(Source data)

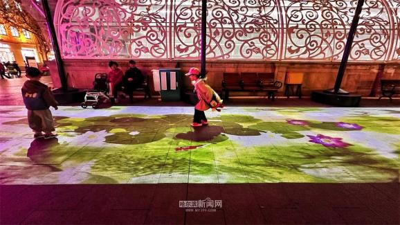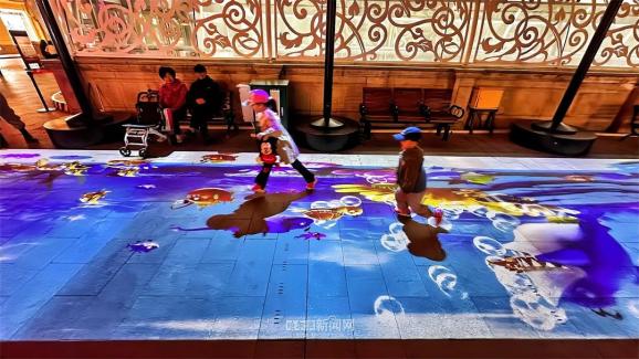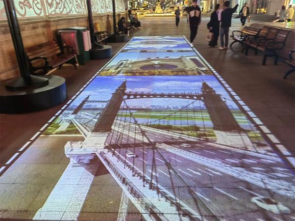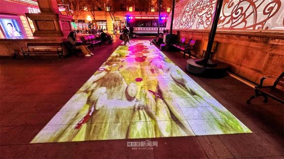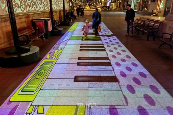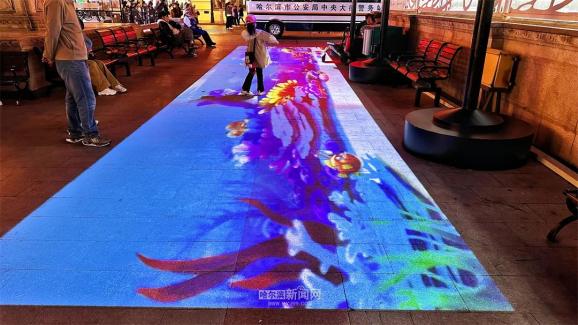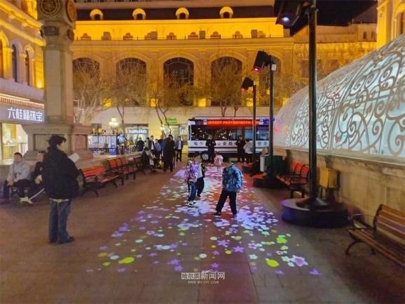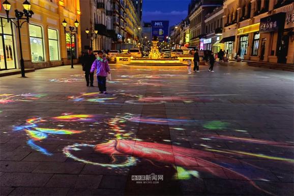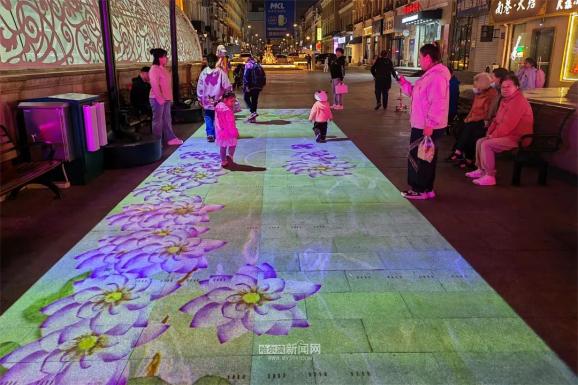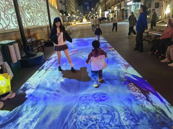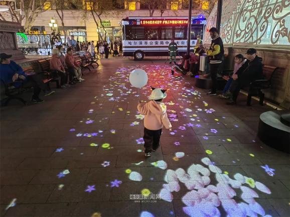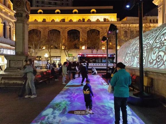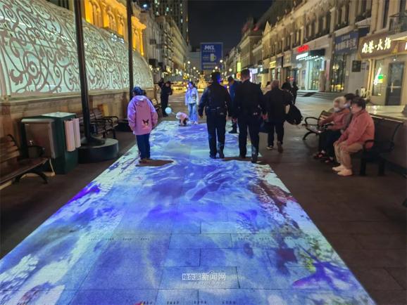 原标题:“与游客互动展示四季风光,中央大街辅街互动投影灯点亮城市美好时光”
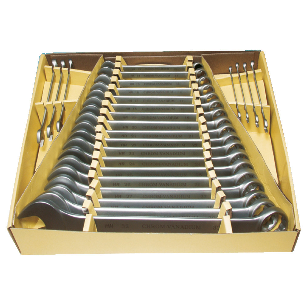 Kompletter Schlüsselsatz von 6 - 32 mm in professioneller Ausführung. Lieferung in Kartonverpackung und inkl. PVC-Rolltasche.
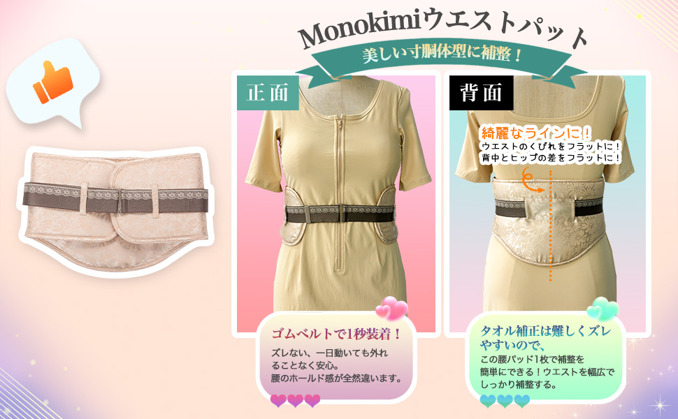 💖【楽&使いやすい】ワンタッチでフックを掛けるだけで楽に着れます。補整を簡単にし、着付け時間が大幅に短縮。きもの初心者の方でも手軽に使えるため、おススメです。ビップパットの部分には内側ポケットも設けてあり、自身の体型に合わせてパットを追加することも可能です。
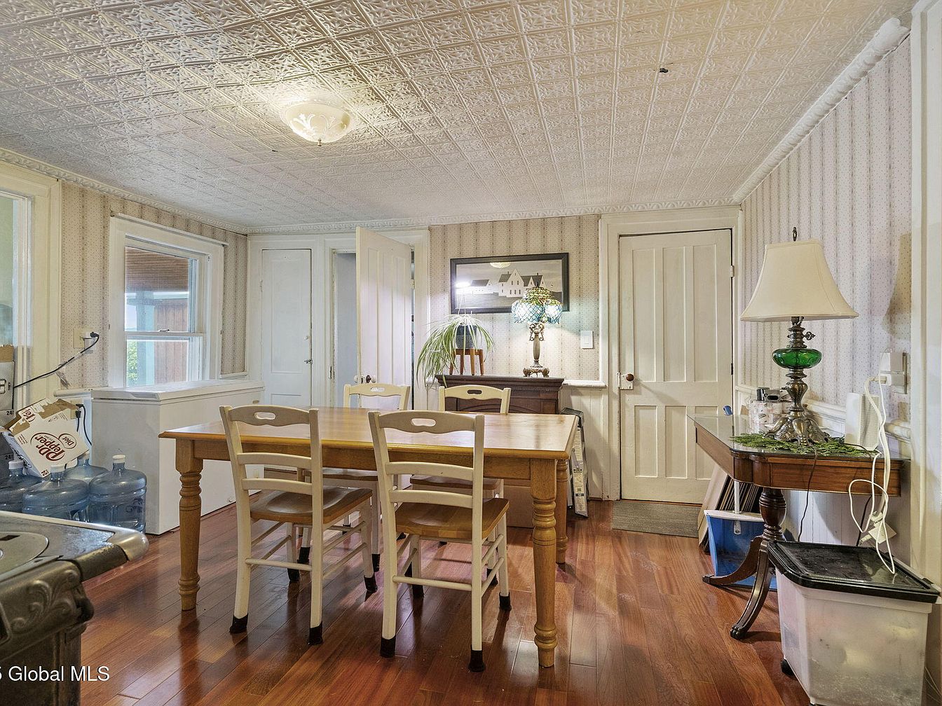 This inviting dining room highlights a warm, family-friendly atmosphere, featuring a sturdy wooden table surrounded by light-colored chairs. The elegant tin ceiling adds a touch of vintage charm, complementing the soft, pastel wallpaper that enhances the room’s brightness. Natural light floods in through large windows, illuminating the polished hardwood floors. A classic lamp with a green base provides additional lighting, while tasteful décor adorns the walls, infusing character. A sideboard offers storage and display space, emphasizing functionality. Thoughtfully designed, this area encourages gathering and conversation, perfect for shared meals and memorable moments.
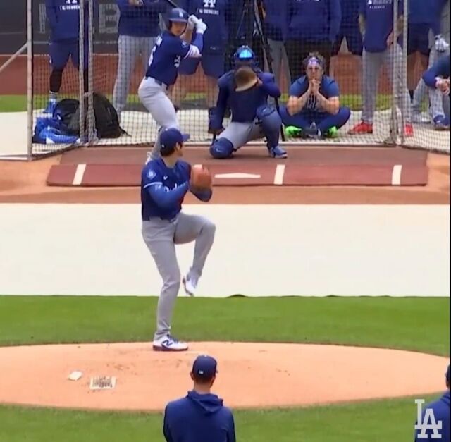 2023년 9월 토미존 수술을 받은 오타니는 순조롭게 재활을 했고, 이날 첫 라이브피칭을 소화했다.
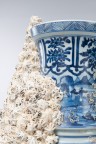 Vase - Modèle ‘Sous emprise’ Pièce unique Porcelaine, coquillages, bois et résine Modèle créé en 2024 H 45×L 39×27 cm

▸ **Exercise details**: Should a record include a picture, drop the picture and write out the remainder exactly.

▸ **Output for this exercise**:
 原标题:“与游客互动展示四季风光,中央大街辅街互动投影灯点亮城市美好时光”
 Kompletter Schlüsselsatz von 6 - 32 mm in professioneller Ausführung. Lieferung in Kartonverpackung und inkl. PVC-Rolltasche.
 💖【楽&使いやすい】ワンタッチでフックを掛けるだけで楽に着れます。補整を簡単にし、着付け時間が大幅に短縮。きもの初心者の方でも手軽に使えるため、おススメです。ビップパットの部分には内側ポケットも設けてあり、自身の体型に合わせてパットを追加することも可能です。
 This inviting dining room highlights a warm, family-friendly atmosphere, featuring a sturdy wooden table surrounded by light-colored chairs. The elegant tin ceiling adds a touch of vintage charm, complementing the soft, pastel wallpaper that enhances the room’s brightness. Natural light floods in through large windows, illuminating the polished hardwood floors. A classic lamp with a green base provides additional lighting, while tasteful décor adorns the walls, infusing character. A sideboard offers storage and display space, emphasizing functionality. Thoughtfully designed, this area encourages gathering and conversation, perfect for shared meals and memorable moments.
 2023년 9월 토미존 수술을 받은 오타니는 순조롭게 재활을 했고, 이날 첫 라이브피칭을 소화했다.
 Vase - Modèle ‘Sous emprise’ Pièce unique Porcelaine, coquillages, bois et résine Modèle créé en 2024 H 45×L 39×27 cm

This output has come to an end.